Die Hauensteiner Alb ist im genannten Abschnitt Programmstrecke nach WRRL (sowohl für die Durchgängigkeit als auch für Mindestwasser).

WRRL Nr. 1789 - 1785
Stationierung 17+500 bis 19+500

Im Rahmen der Wiederherstellung der Durchgängigkeit der Alb setzte sich die Stadt St. Blasien in Zusammenarbeit mit dem Planungsbüro Gutmann für einen wichtigen Schritt der Renaturierung der Alb ein. Die Baumaßnahmen zur Durchgängigkeit der Alb wurden aktuell erfolgreich beendet.

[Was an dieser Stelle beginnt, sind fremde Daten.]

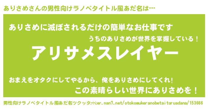 | ヒーロー風カッコイイあだ名 | 『仮面アリダー』『天空の使者ありさめ』 |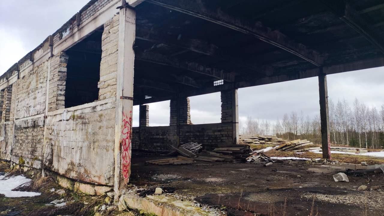 На фотографии изображено полуразрушенное промышленное строение из кирпича и бетона, частично лишённое стен и перекрытий. На переднем плане видны остатки строительных материалов и следы снега, по краям — выцветшие надписи и граффити на стенах. Судя по архитектуре, здание было возведено в середине XX века как часть советского промышленного комплекса. Снимок сделан в начале весны на окраине, где виднеются редкие берёзовые деревья и остатки снежного покрова. Подходит для использования в тематиках урбанизма, архитектурных исследований и индустриального наследия.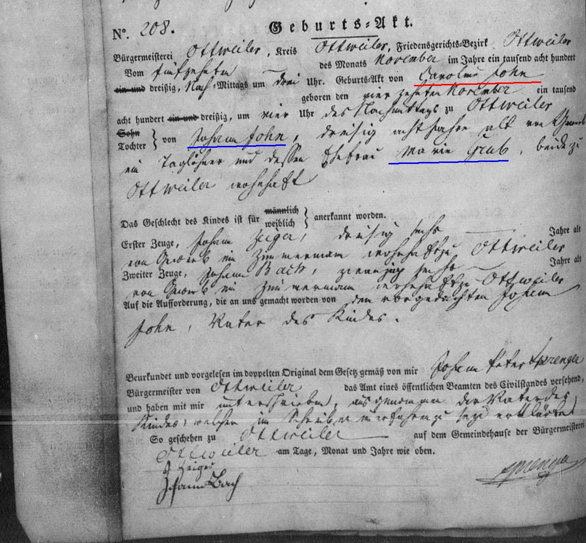 Quelle: Geburtsregister Nr. 208/1830 Zivilstandsregister Ottweiler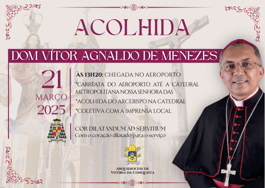 A Arquidiocese de Vitória da Conquista se prepara, com muita alegria e expectativa, para a posse canônica do seu Quarto Arcebispo Metropolitano, Dom Vítor Agnaldo de Menezes. A chegada do Arcebispo a Vitória da Conquista está prevista para 13h20 do dia 21, sexta-feira, e de lá sairá uma carreata que adentrará a cidade até chegar à Catedral Metropolitana Nossa Senhora das Vitórias, onde ele será acolhido com grande entusiasmo pelo povo de Deus.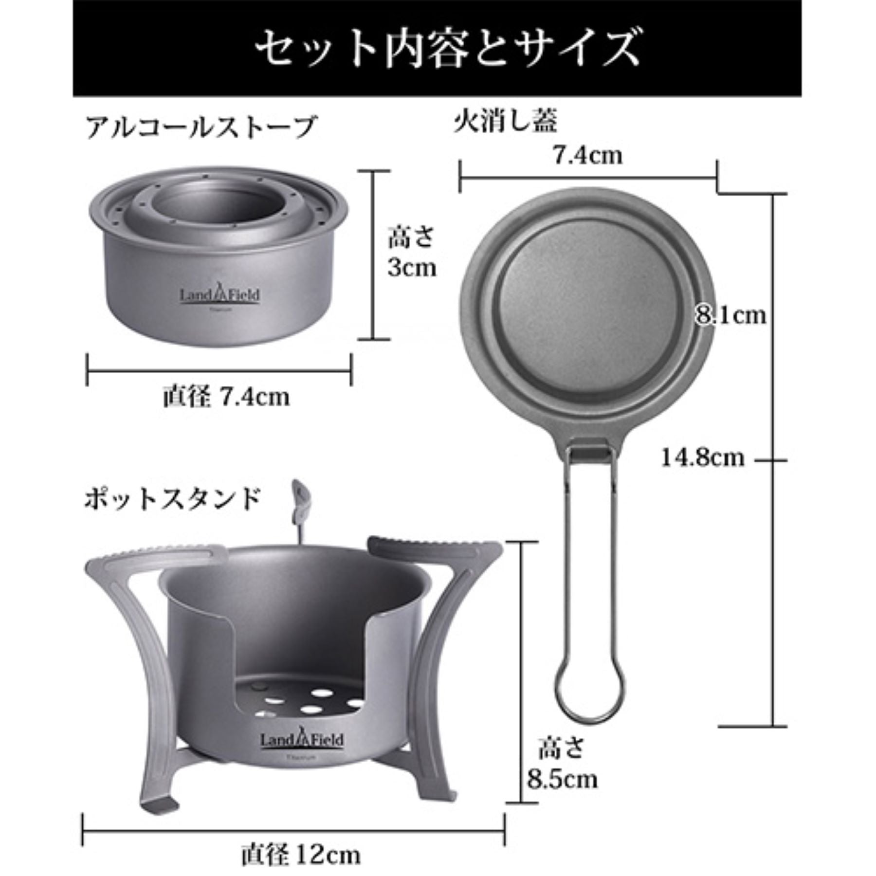 ●内側のアルコールストーブ、外側のポットスタンドはそれぞれが独立でも使用可能で、合わせて使うことで、アルコールストーブの天敵であり風を凌ぐウィンドスクリーンとしての役目も果たします。

Durch die engagierte Zusammenarbeit zur Renaturierung der Alb kann die Durchgängigkeit derselben auf einer Strecke von insgesamt 19 Kilometern wiederhergestellt werden. Hierzu wurden Arbeiten an der ehemaligen Wehranlage und den nachfolgenden Abstürzen, die sich in der Hauensteiner Alb unterhalb der Albsperre der Schluchseewerk AG befinden, durchgeführt. Am 26. September 2011 begannen die Abbrucharbeiten der Wehre Niedingen 1 und 2 unter Aufsicht des Planungsbüros Gutmann.

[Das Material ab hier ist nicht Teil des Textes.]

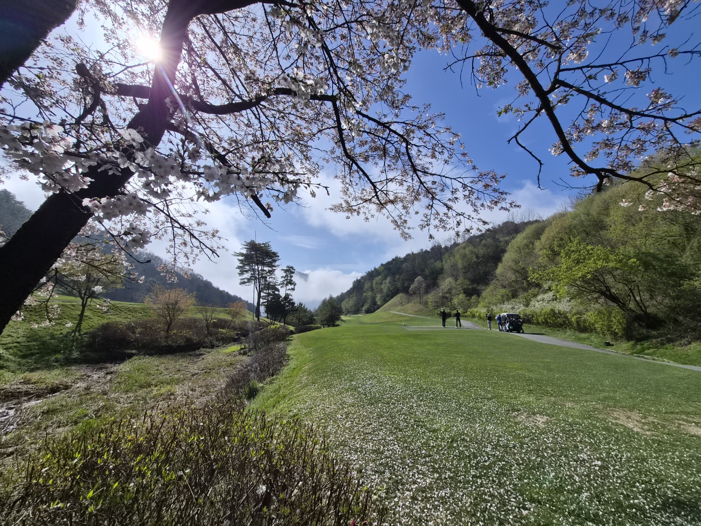 개인적으로는 전반과 후반의 분위기가 달라서 더 좋았습니다. 한 코스 안에서 비슷한 느낌이 반복되면 조금 단조롭게 느껴질 수도 있는데, 무주CC는 마운틴과 레이크의 인상이 달라서 라운딩하는 재미가 더 살아났습니다. 특히 후반으로 갈수록 햇살과 풍경이 어우러지는 느낌이 참 예뻤고, 좋은 사람들과 함께 그 장면을 나누고 있다는 것만으로도 충분히 만족스러운 시간이었습니다. 그래서 이번 라운딩은 운동이라기보다, 봄날의 좋은 풍경 속을 천천히 걸어가는 시간처럼 느껴졌습니다.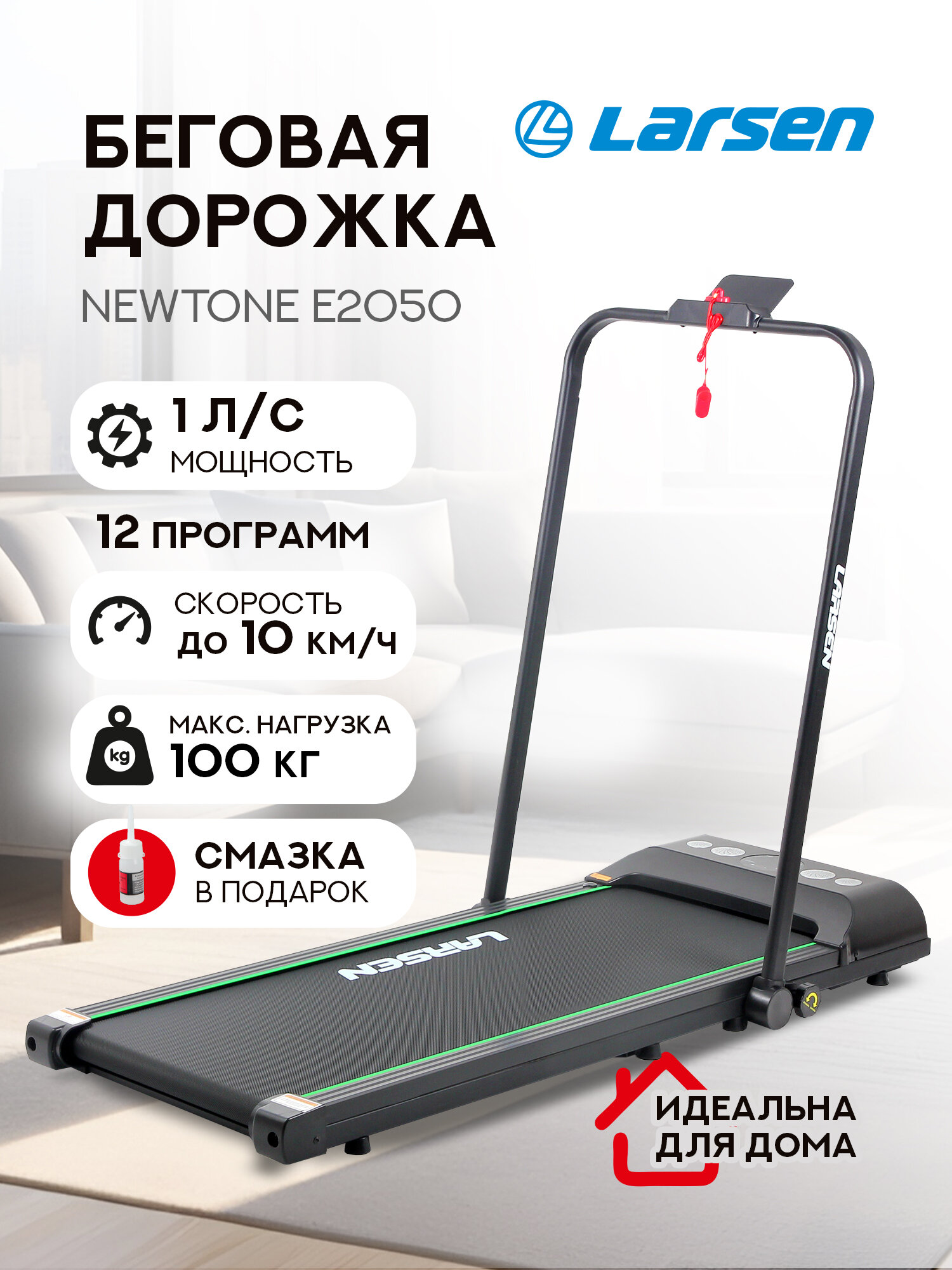 Электрическая беговая дорожка Larsen Newtone E2050, складная, до 100кг, пульт ДУ интересное: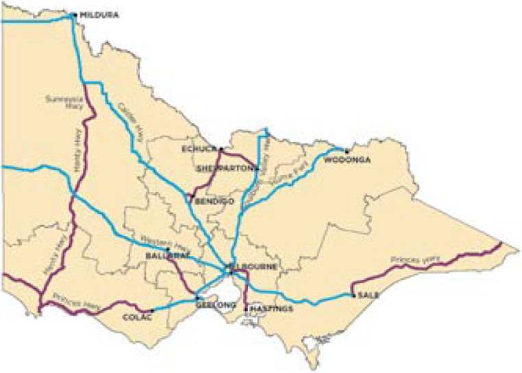 Figure 67: National Land Transport Network highways and key freight routes in Victoria 2011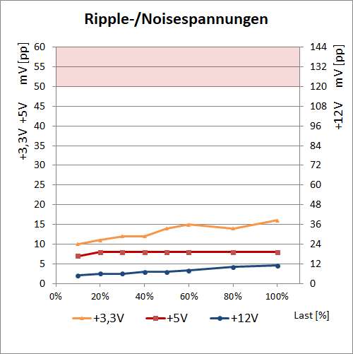 Für den Bereich der Ausgangsspannungen kann das Antec Signature Titanium 1000W den erwarteten sehr guten Eindruck hinterlassen. Die sehr stabilen Ausgangsspannungen liegen solide mitten im Toleranzfeld und die Ripple-/Noisespannungen sind ebenfalls im niedrigen Bereich. Verglichen mit dem AX1000 und dem Prime Titanium 1000W kann das Antec keine neuen Bestwerte setzen, aber insgesamt gut mithalten und sich als technisch gleichwertig präsentieren.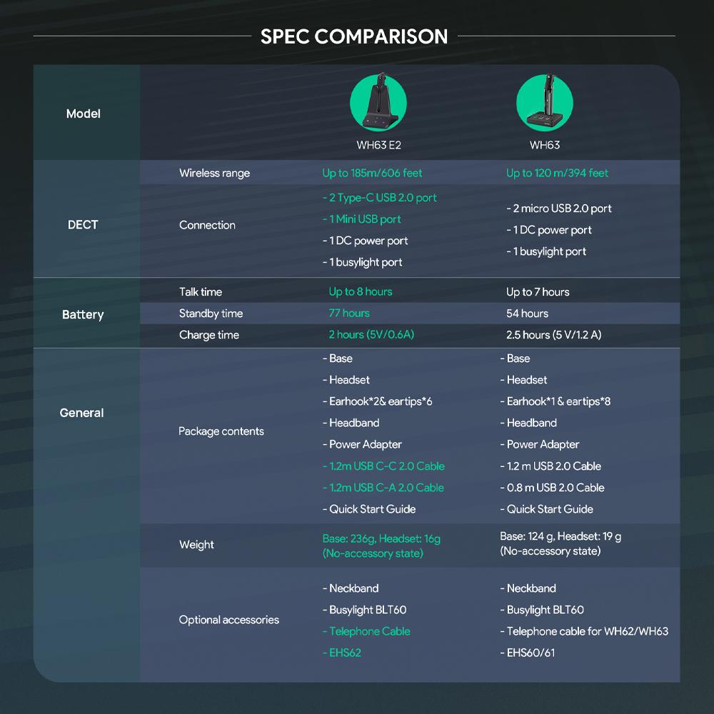 Yealink WH63 E2 UC is a convertible DECT wireless headset that supports multi-device connection and control. It offers a more flexible and efficient call experience, making it suitable for diverse office environments.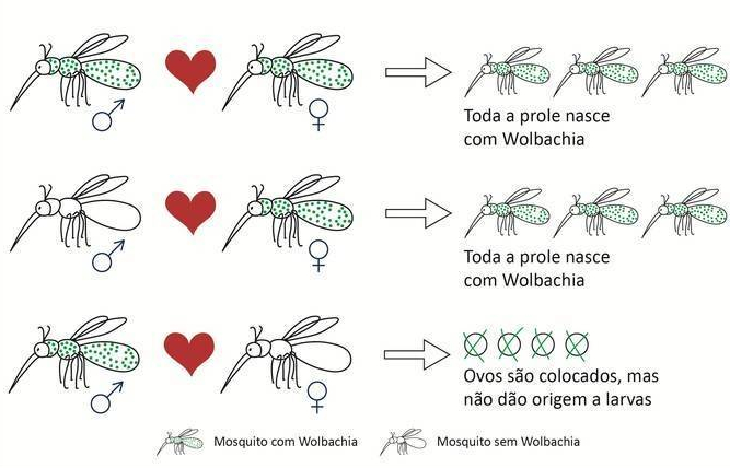 Além disso, não será necessário soltar novos mosquitos sempre, já que eles passam a se reproduzir com a bactéria. E mesmo que uma fêmea, que tenha a bactéria, reproduza com um macho que não a tenha, os filhotes nascem com ela, e se apenas o macho a tiver e a fêmea não, o filhote não nasce.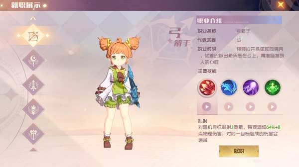 乱射:随机释放弓箭攻击,每次升段增加一个弓箭。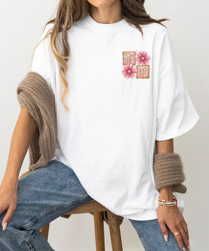 Our Mama Cookie Floral design brings a warm, homey charm with its subtle “pocket print” style — featuring a delicate floral cookie-inspired design that’s both cozy and cute. It’s the perfect mix of playful and minimal, made for mamas who love a soft touch of sweetness in their everyday look.

Die zuvor bestehenden Querbauwerke stellten insbesondere für die Gewässerfauna ein Wanderungshindernis dar. Das Aufstauen reduzierte die Fließgeschwindigkeit im Gewässer und führte in den Staubereichen zu untypischen Ablagerungen von Feinsediment sowie unnatürlichen Temperaturen und Sauerstoffkonzentrationen. Diese Aspekte beeinträchtigten maßgeblich die Bedingungen des natürlichen Lebensraums. Wie die vier Querbauwerke verändert wurden lässt sich z.B. am Wehr Niedingen 1 verdeutlichen: Die Wehranlage wurde in der Mitte auf einer Länge von 6,5 m durchbrochen, um den Durchfluss auf eine natürliche Breite des Bachlaufs zu reduzieren und gleichzeitig zwei Ruheplätze für die Gewässerfauna zu schaffen. Es wurde eine so genannte „Rauerampe“ angelegt mit einer Rampenneigung von etwa 1:20, so wird der künstliche Höhenunterschied von ca. 2,8 m überwunden. Dabei wurden die Ränder des Wehrdurchbruches mit großen Felsen geschützt. Eingebrachte Störsteine auf der Rampe sorgen für eine Sauerstoffanreicherung des Wassers und einen Rückstau, sodass auch bei Niedrigwasser die Ruhezonen leicht durchströmt werden und eine Sedimentablagerung sowie Überwucherung durch Pflanzen vermieden wird. Eine Niederwasserrinne gewährleistet auch bei geringem Abfluss die Durchwanderbarkeit für den Fischbestand.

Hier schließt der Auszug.